Bill Mitchell started his set with a swung rendition of the perennial Marshall-Joplin favorite “Swipesy” and delivered a swingy version, with creative improvisations, of Chris Smith’s “Ballin’ the Jack,” relating the tale of how John “Knocky” Parker met Smith when he (Parker) knocked on the front door of Lottie Joplin’s home (and boardinghouse) in New York City – and Smith answered the door. Bill then pitched in yet another Lamb number, “Bohemia” – a nice bookend to “Sensation” (the two rags being the first and last of Lamb’s rags to be published by John Stark during the original ragtime era), played with swingy embellishments and an infectious sound to the last repeat of the third theme that closes the rag.

Nan Bostick opened with L.V. Gustin’s “X-N-Tric Rag,” which has a minor-key flavor to all three of its themes; delivered her great-uncle’s lively, classic Indian Intermezzo “Silver Heels,” in its centennial this year, and one of Daniels’ best compositions; and ended with her original “That Missing You Rag,” written in honor of the passing of Old Town Music Hall owner Bill Coffman, and really more of a syncopated contemporary instrumental than a rag.

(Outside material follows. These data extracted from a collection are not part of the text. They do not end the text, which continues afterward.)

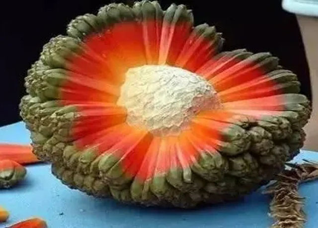 哈拉果也是比较少见和奇葩的一种水果,它的口感是甜的,它有一个内核和数百个突起的条状果肉,吃法跟吃甘蔗差不多,就是吃它的汁,然后把渣吐掉。
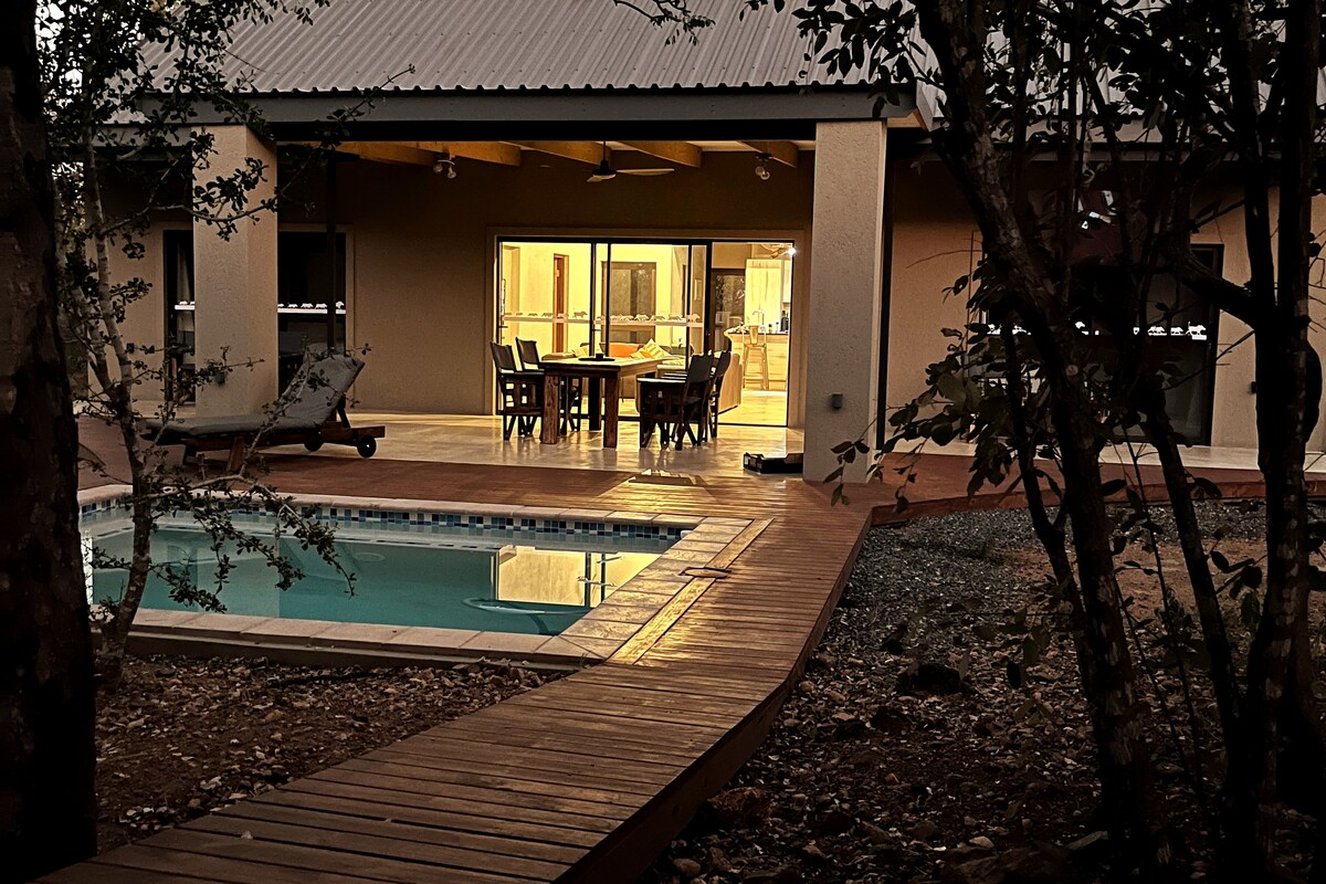 Welcome to Ubuntu Luxury Villa, a private 3-bedroom retreat in Hoedspruit, South Africa. Located on the Hoedspruit Wildlife Estate, enjoy free-roaming wildlife, a 24m² private pool, viewing deck, and spacious boma. Accommodating 6 guests (children 6+), the villa features a solar & battery backup system. Explore Kruger National Park and Blyde River Canyon, both nearby. Experience luxury and nature at Ubuntu Luxury Villa – your gateway to the African bush.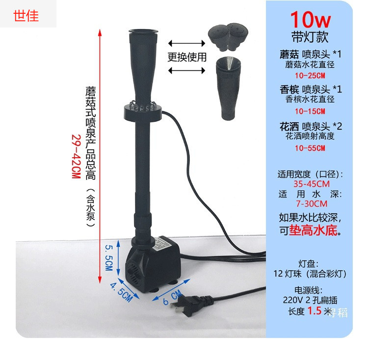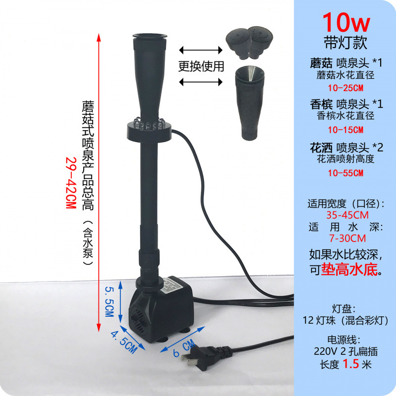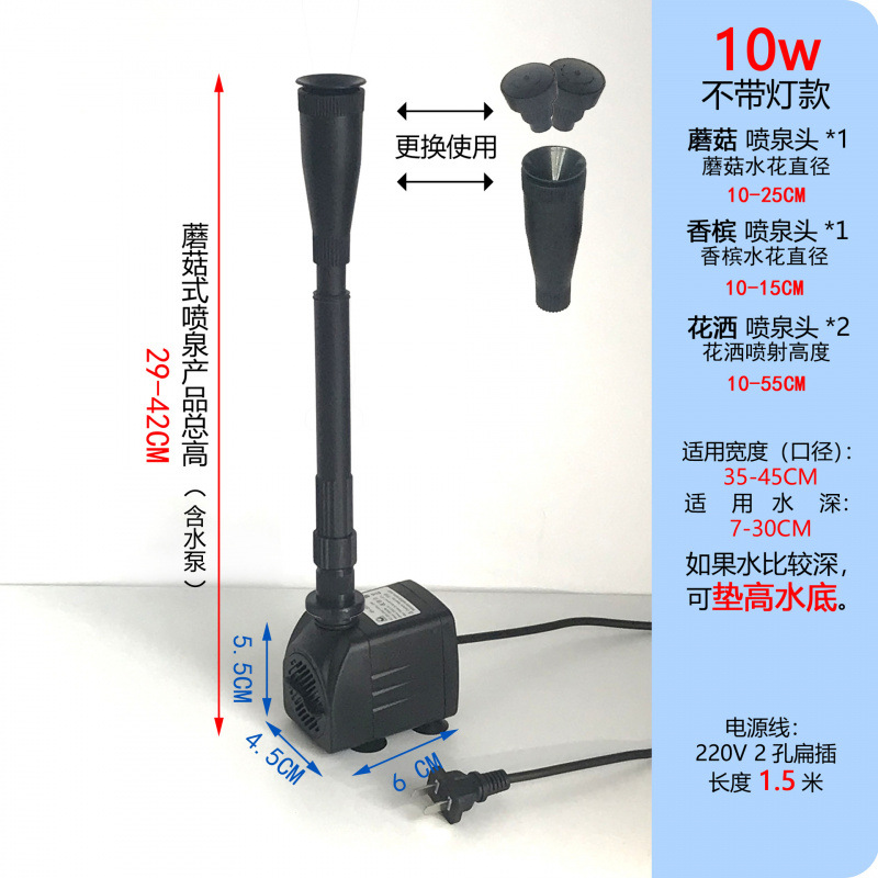 • 10W 워터 펌프 + 스트레치 분수 파이프 커버 소형 + 소형 램프 링 - 높이 29- 42cm

Ron Ross offered three originals: “Moscow Rag,” “Mirella” and “Sweet is the Sound”; Stan Long gave the crowd a pastiche of boogie tunes, providing a credible turn in the genre, Daniels’ “Hiawatha,” and his original “Haunting Accident,” which has the authentic flavor of Brun Campbell and Trebor Tichenor; and Fred Hoeptner worked his way through one of his most intricate, harmonically complex compositions, “Ragging Through Town.”

Eric Marchese encored with Joplin’s “Euphonic Sounds,” also known for its wandering harmonies; Harry Austin Tierney’s outstanding 1912 composition “Variety Rag”; and Eric’s newest completed original rag, “Clambake Capers” – named, he said, in part because of the fact that many of those who live near the shore in his native New England hold clambakes in summertime.

Bill Mitchell encored with “Bag of Rags,” a great 1912 rag by W.R. McKanlass (issued by Boston publisher Joseph M. Daly) with a final strain of incessant syncopation, and delivered a fine rendition of Morton’s “New Orleans Joys.” Noting that Roy Bargy’s widow, “the last surviving ragtime widow,” had passed away since the April OCRS, Bob Pinsker encored with Bargy’s “A Blue Streak,” adding jazzy licks to the funky, lowdown A, cool B and combination Novelty- and Gershwin-sounding C; and Jimmy Blythe’s “Chicago Stomps,” a 1924 piece with a decidedly southwestern flavor. Nan Bostick’s encores were a nicely lilting rendition of Joplin’s first published rag, “Original Rags” (selected for publication by her great-uncle), with an inventive arrangement of the final strain; and “Bean Whistle Rag,” one of three Bostick originals.

Andrew Barrett encored with a wistful, rarely performed David Thomas Roberts composition from 1982, “The Girl Who Moved Away.” Similar to “Roberto Clemente,” the piece incorporates the Spanish tinge and, in Andrew’s capable hands, expresses deep wellsprings of emotionality.

Tom Brier encored with Joplin’s “Cleopha” and two originals: “Skunk Hollow,” a sophisticated folk rag with a trio that uses stoptime rhythm and changing harmonies; and “Blue Lampshade,” one of Tom’s many outstanding Novelties – a real barnburner and, of course, a terrific way to wind up the afternoon. The 10 pianists on hand performed a total of 42 pieces over a 3-and-a-quarter-hour span. You won’t want to miss the upcoming OCRS meets, so mark your calendars: July 23 and September 17, at Steamers!